‘Gravitating’ toward international public health
Ex-firewalker puts on his traveling shoes
Four years as a Harvard College undergraduate have taken graduating senior Duncan Smith-Rohrberg from believing in mind over matter to pondering matters of the mind.
Smith-Rohrberg, a native of Falmouth, talks blithely about his teenage experiences, first strolling over hot coals as a firewalker and then taking to the ocean every Sunday throughout the winter with members of the Ice Breakers Club he founded in high school.
And he insists the swimming wasn’t just cooling off from the firewalking.
Smith-Rohrberg said his father, who died during his first semester at Harvard, was a big influence on him, getting him involved in the firewalking and cold-weather swimming. Though his father, a psychotherapist, believed in the power of the mind to actually heal – or keep a firewalker from getting burned – Smith-Rohrberg said his own thinking has evolved a bit from that.
While he still thinks the firewalking and winter swims are great community-builders and help people overcome fears, he says physical factors, such as evaporation of perspiration from the feet and a coating of ash over the coals, are what keep people from getting burned.
Smith-Rohrberg said other family members – including his mother, a nurse practitioner and triathlete – also influenced him heavily, showing him the importance of health, creativity, and the people around him.
Though his perspective has changed, Smith-Rohrberg has retained his interest in the mind. He entered Harvard thinking he would concentrate in philosophy, but is leaving with a concentration in cognitive neuroscience, having done some research into mental illness. He plans to attend Yale University Medical School in the fall, in a joint M.D.-Ph.D. program. He said his interests are still evolving, and he’s less inclined to pursue a specialty that focuses on lab work in favor of something that has a more concrete effect.
Smith-Rohrberg says his four years at Harvard have had a big impact on him. Living for the last year at the communal Dudley Coop, where housemates share chores in a less traditional atmosphere than exists in Harvard’s Houses, exposed him to coop residents, many of whom are taking nontraditional paths through Harvard, helping him explore what he wanted from his own life.
A friend, fellow Harvard senior Sheela Maru, provided a sounding board for him to air his ideas about social justice and medicine while the two worked on Project Health’s Well-Fed Well-Read Program, which addressed hunger and nutrition issues in Boston’s Dorchester and Roxbury areas.
Another influence, he said, was his participation in the House and Neighborhood Development Program (HAND), through which he spent three days a week with Herby, a now-10-year-old Haitian immigrant living in North Cambridge. Smith-Rohrberg said they engaged in a variety of activities together, ranging from playing basketball to doing homework, He enjoyed the relationship and enjoyed knowing he had an impact, even a small one, on Herby and his family.

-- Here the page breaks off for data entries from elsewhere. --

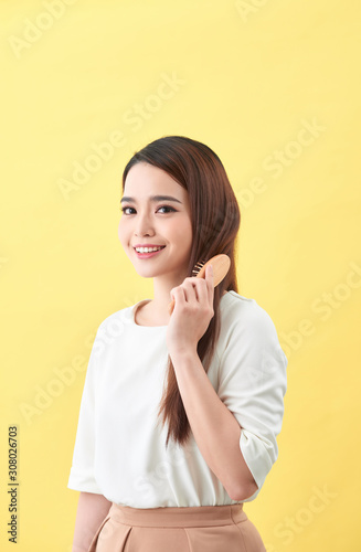 Concept of healthy good hair. Pretty beautiful charming woman with beaming smile
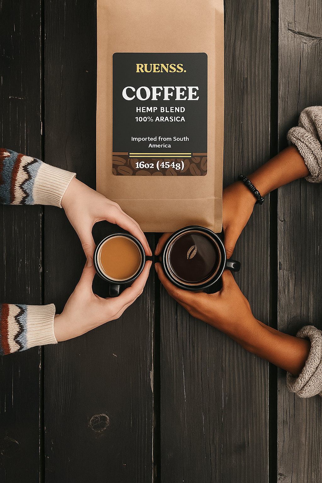 En Ruenss Coffee, creemos que cada taza es una experiencia que trasciende el sabor. Seleccionamos cuidadosamente granos de las mejores cosechas de Sudamérica, cultivados  y tostados artesanalmente para conservar su aroma, suavidad y carácter único. Café Arábica 100% con proteína de hemp vegetal
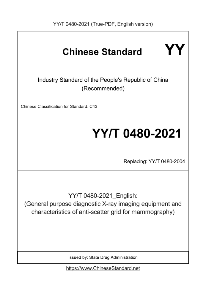 Delivery: <= 5 days. True-PDF full-copy in English will be manually translated and delivered via email. YY/T 0480-2021: (General purpose diagnostic X-ray imaging equipment and characteristics of anti-scatter grid for mammography) Status: Valid YY/T 0480: Historical versions

Having an impact looms large in Smith-Rohrberg’s mind these days. In considering his path through medical school, he compares our high standards of health care with the much lower ones in large parts of the world. Rather than work in a lab to push back the frontiers on relatively rare diseases, he said, he’d rather work to extend existing good health practices to the millions who can benefit from them.
“I’ve started gravitating toward international public health, realizing that however fascinating basic science is, the ultimate ends of research is way down the line,” Smith-Rohrberg said. “Currently we have amazing medical technology, we maintain a remarkable standard of health that is totally inaccessible to huge sections of the world …. I think for myself I’d have more satisfaction doing that kind of work.”